Work instructions:
Once the pictures are set aside, transcribe each line of the listing exactly.

........

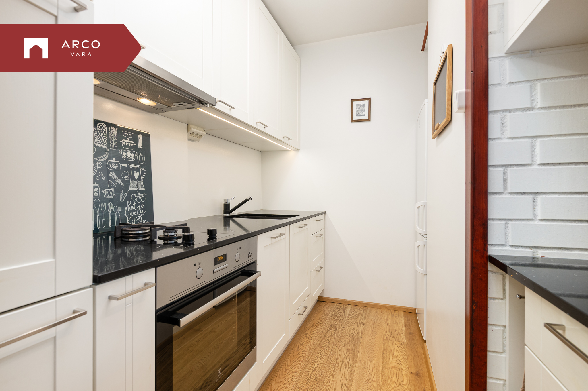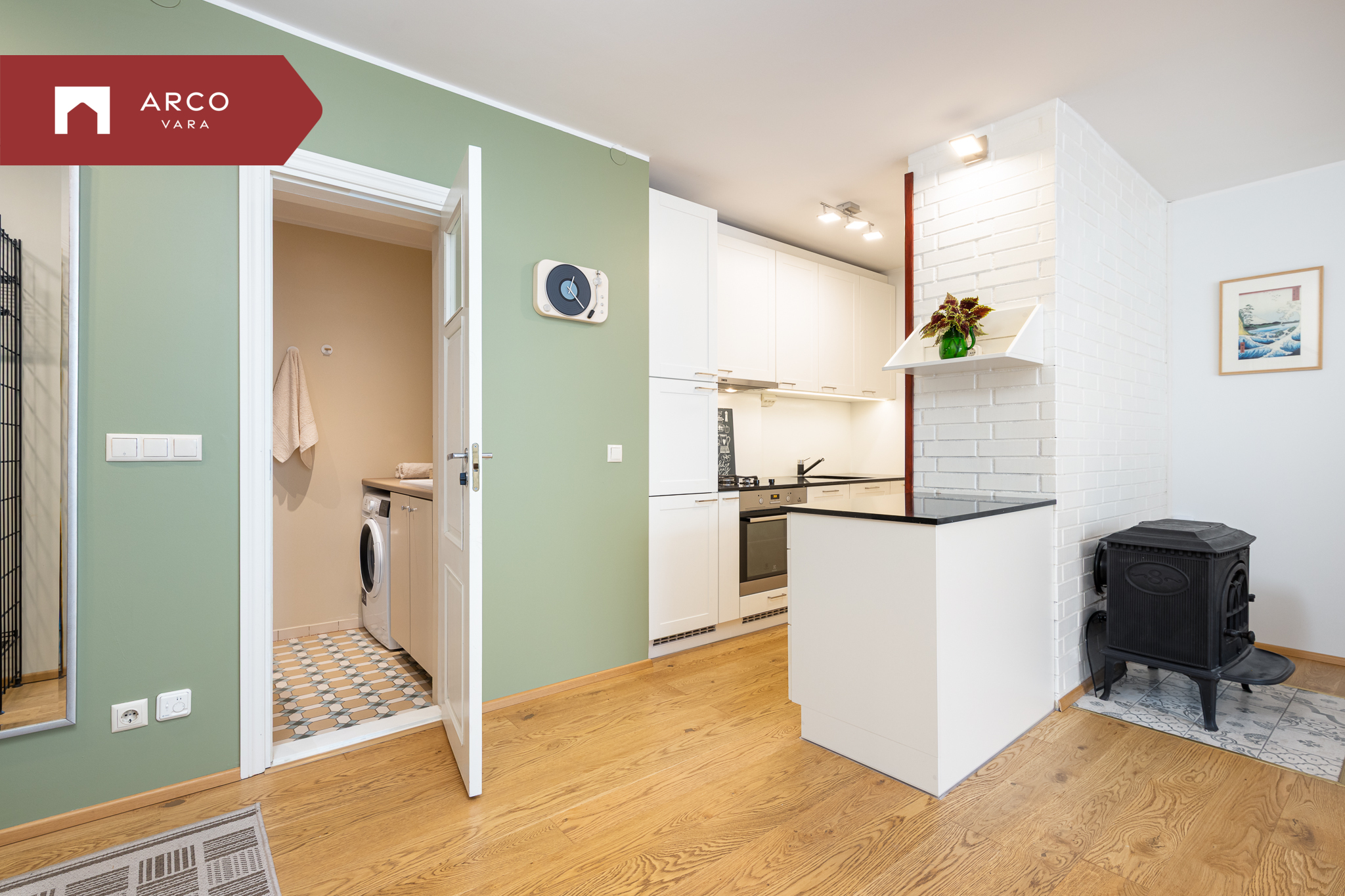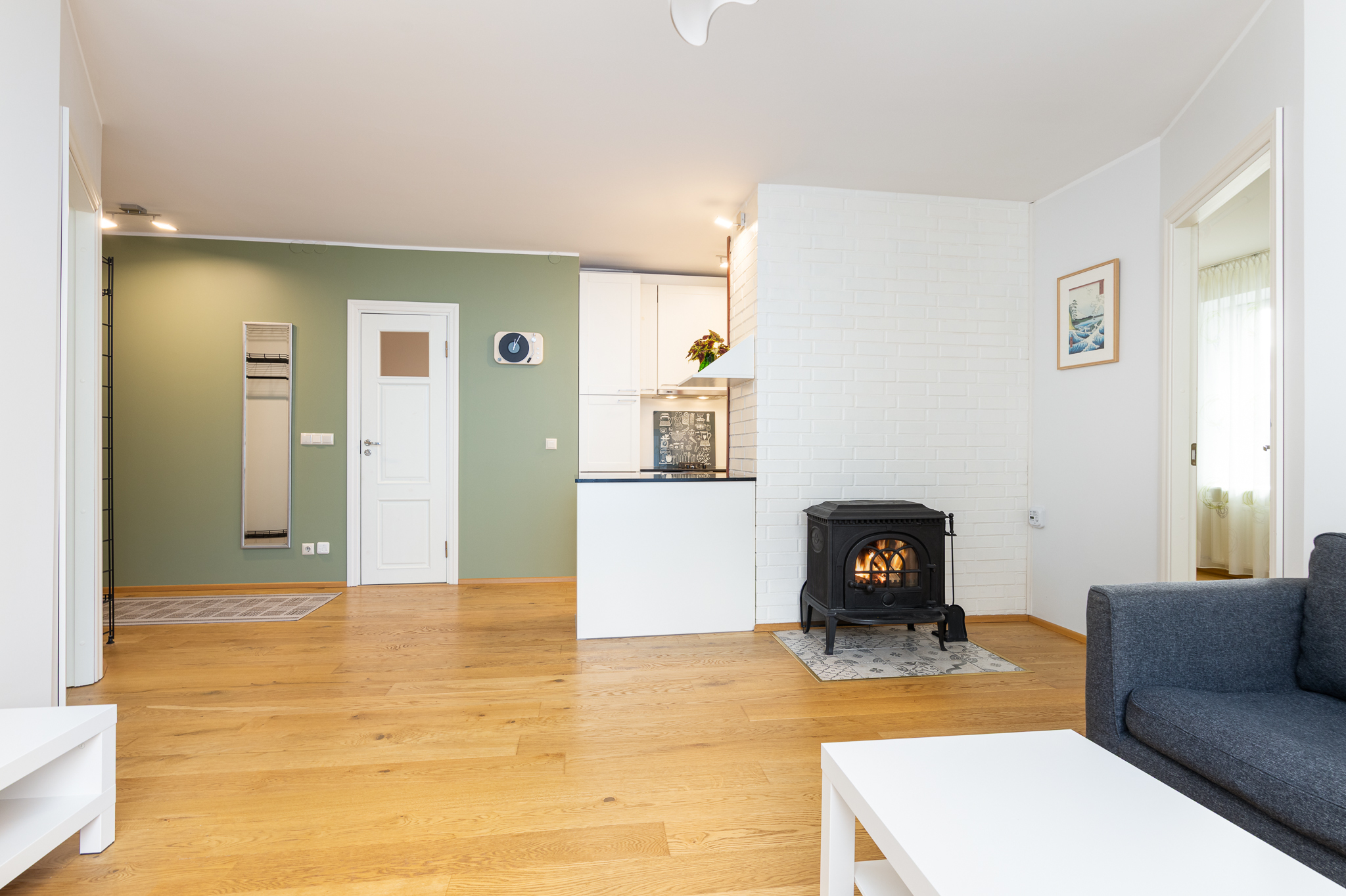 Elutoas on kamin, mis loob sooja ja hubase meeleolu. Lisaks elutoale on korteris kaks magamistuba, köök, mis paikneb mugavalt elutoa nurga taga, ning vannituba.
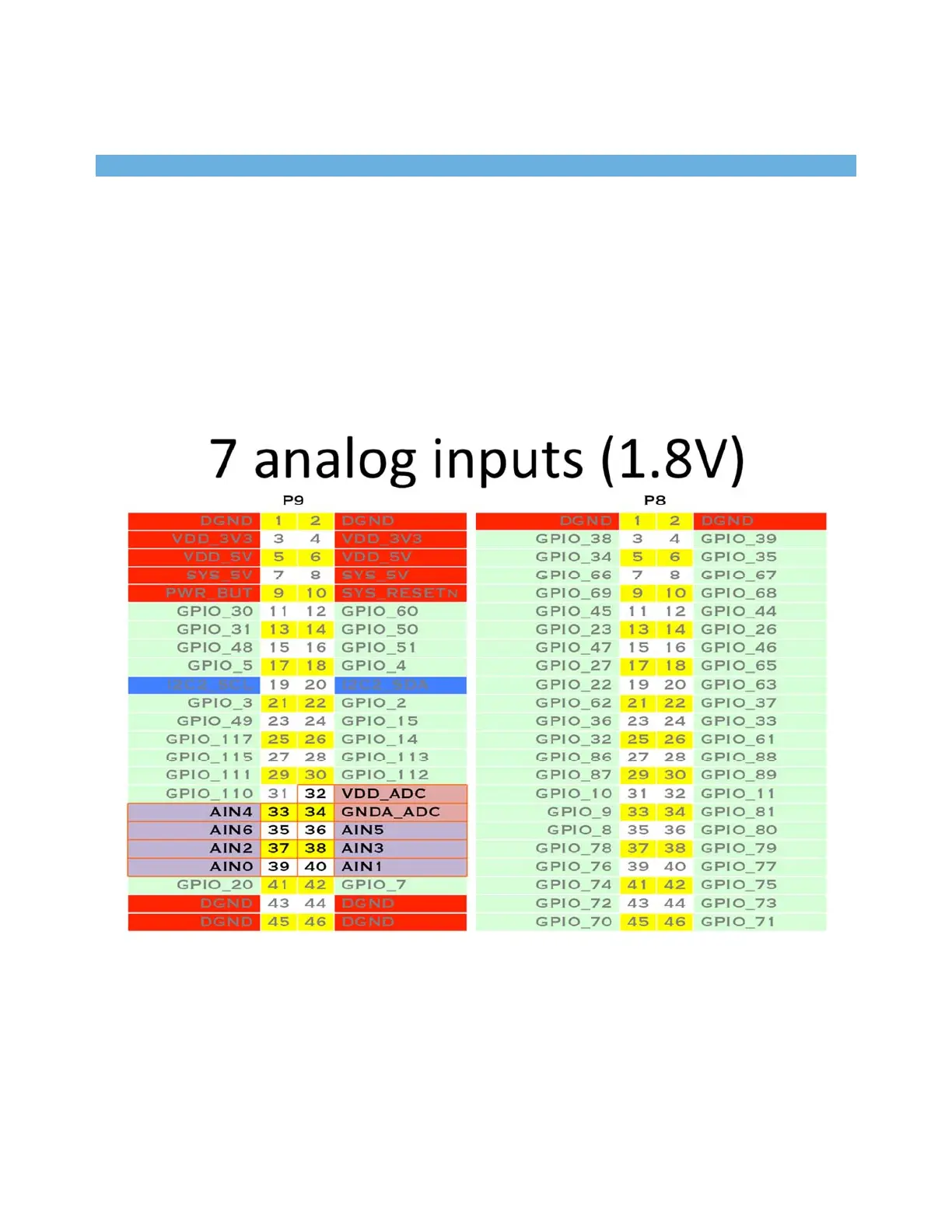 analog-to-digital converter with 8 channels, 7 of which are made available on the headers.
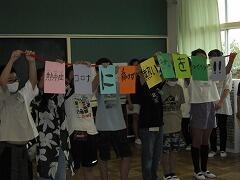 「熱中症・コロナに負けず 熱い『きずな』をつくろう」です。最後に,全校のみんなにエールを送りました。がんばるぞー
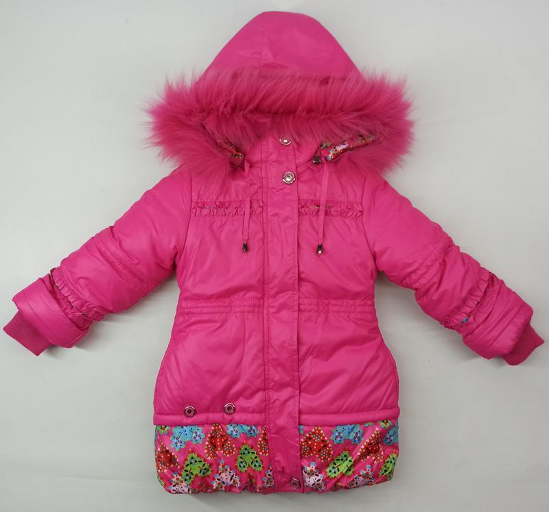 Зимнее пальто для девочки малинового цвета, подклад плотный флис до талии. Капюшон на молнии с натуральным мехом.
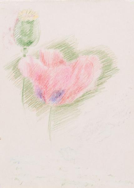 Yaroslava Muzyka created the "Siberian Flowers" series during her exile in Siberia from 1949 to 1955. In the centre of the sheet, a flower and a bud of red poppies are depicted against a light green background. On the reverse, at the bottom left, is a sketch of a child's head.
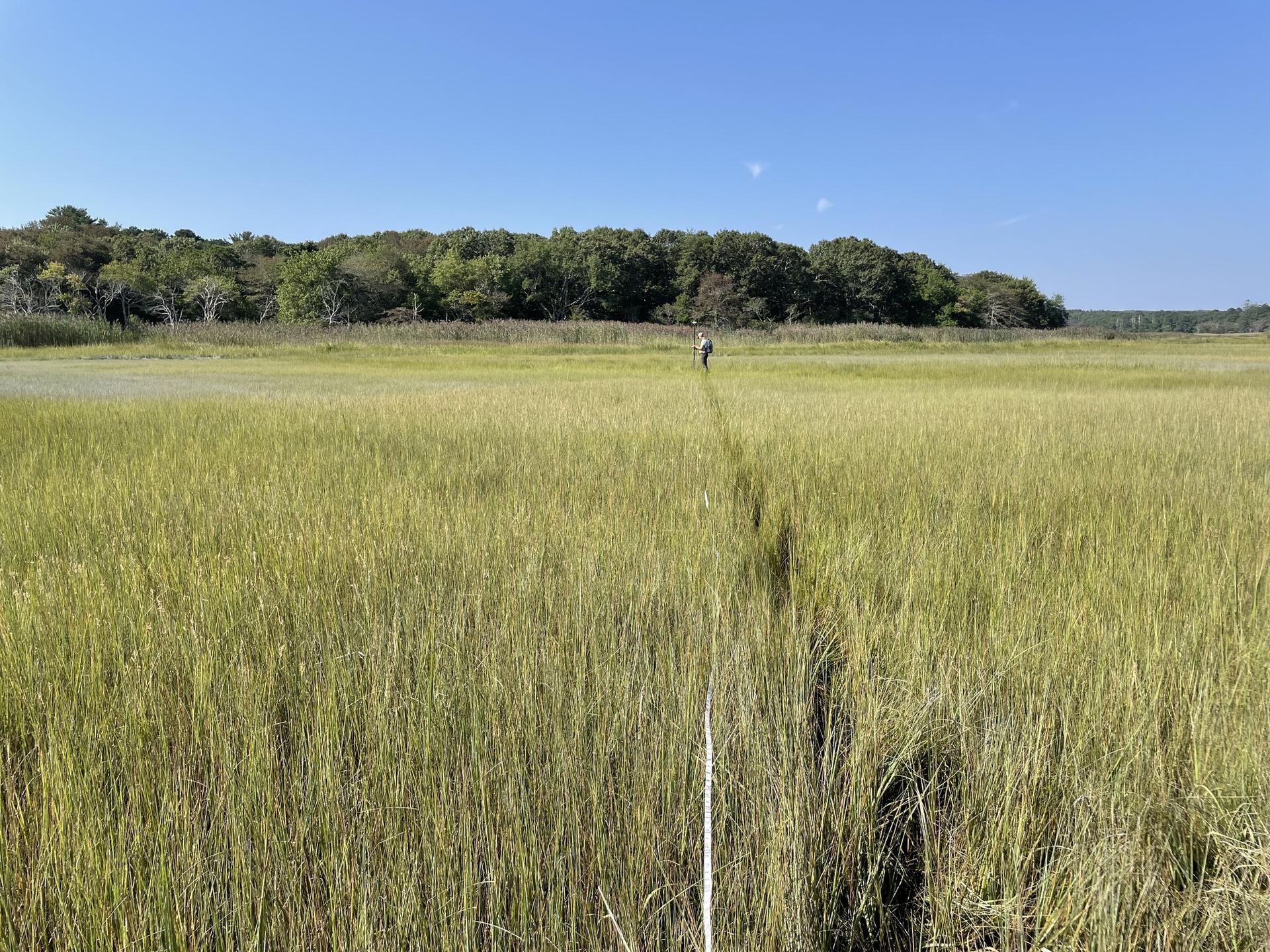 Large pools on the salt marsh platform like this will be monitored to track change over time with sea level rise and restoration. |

........

Answer section:
 Elutoas on kamin, mis loob sooja ja hubase meeleolu. Lisaks elutoale on korteris kaks magamistuba, köök, mis paikneb mugavalt elutoa nurga taga, ning vannituba.
 analog-to-digital converter with 8 channels, 7 of which are made available on the headers.
 「熱中症・コロナに負けず 熱い『きずな』をつくろう」です。最後に,全校のみんなにエールを送りました。がんばるぞー
 Зимнее пальто для девочки малинового цвета, подклад плотный флис до талии. Капюшон на молнии с натуральным мехом.
 Yaroslava Muzyka created the "Siberian Flowers" series during her exile in Siberia from 1949 to 1955. In the centre of the sheet, a flower and a bud of red poppies are depicted against a light green background. On the reverse, at the bottom left, is a sketch of a child's head.
 Large pools on the salt marsh platform like this will be monitored to track change over time with sea level rise and restoration. |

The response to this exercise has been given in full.